Opened 9 years ago

Closed 9 years ago

#37 closed defect (fixed)

Recursion in exception handler

Reported by: dmik Owned by:
Priority: major Milestone: odinized java
Component: odin Version:
Severity: Keywords:


There is an annoying recursion in the Odin exception handler where it calls DosExit?() while processing the XCPT_PROCESS_TERMINATE and XCPT_ASYNC_PROCESS_TERMINATE (which are themselves the result of DosExit?()).

This recursion in particular leads to a big POPUPLOG.OS2 file (filled up with 0xC0010001 and 0xC0010002 exception records) at Java process termination (either normal or abnormal).

This needs to be solved as it indicates an error in the exception processing logic.

Change History (5)

comment:1 Changed 9 years ago by dmik

I've just got a good test case demonstrating this problem (when I was playing with Java ticket #129 which I need to resolve to make SmartSVN 6.6 work, because SmartSVN 6.5. working under Innotek Java 1.4.2 is very unstable on SMP which annoys a lot).
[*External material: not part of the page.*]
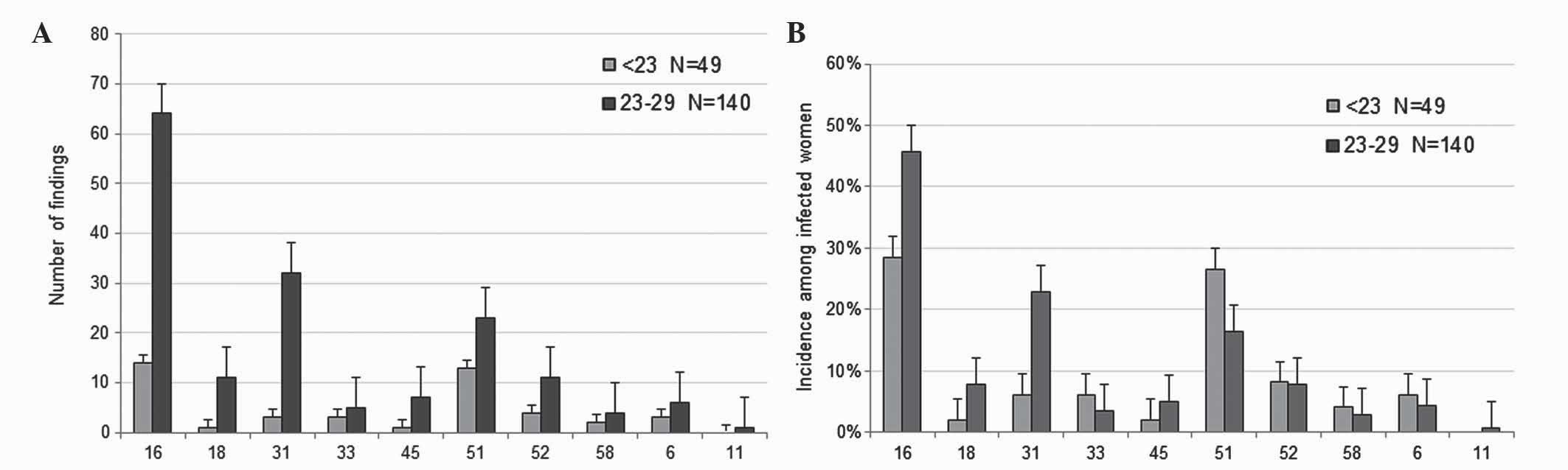 In addition, the present study observed that the prevalence of HPV16 and 18 in participants >30 years old was 33.81%, which is close to the prevalence of 34.50% identified in a previous study (36). In participants aged <30 years old, the highest incidence of HPV16 and 18 was 47.62%, which is higher than the prevalence of 37.40% identified in a previous study on young women <30 years of age in Germany (37). The decreasing prevalence of HPV16 in older participants demonstrated by the current study has previously been described in a cross-national study conducted prior to the initiation of the HPV vaccination program (11).

I will temporarily switch from Qt to this defect (and to Java #129 afterwards).

comment:2 Changed 9 years ago by dmik

It seems to enter the recursion loop due to DosExit?() calls from OS2RtlUnwind() which is in turn called by our SEH handler at process termination (during the unwind phase performed on the OS/2 exception chain). Investigating.

comment:3 Changed 9 years ago by dmik

Testing showed that the problem is not DosExit?() itself. The problem is that applications crash inside OS2RtlUnwind() when trying to unwind the Win32 exception handlers in response to the unwind procedure initiated by OS/2 at process termination (either normal or abnormal, it doesn't matter). And this goes on recursively, until the stack space has ended. The crash happens when walking through the exception chain, i.e. when accessing the previous exception frame through the Prev member of the current frame, because the value contained there is garbage. Since the fames are located on stack, this means that the stack is corrupted.

There are several interesting facts:

  1. The crashes do never happen under the UNI kernel.
  2. The simple test case (testapp/exceptions/seh/crash.c) does not crash even on SMP.
  3. On SMP, we crash regardless of whether we do unwinding from OS2ExceptionHandler2ndLevel() (which is located above all possible Win32 exception frames) or from individual Win32 exception handlers themselves. On UNI both cases work.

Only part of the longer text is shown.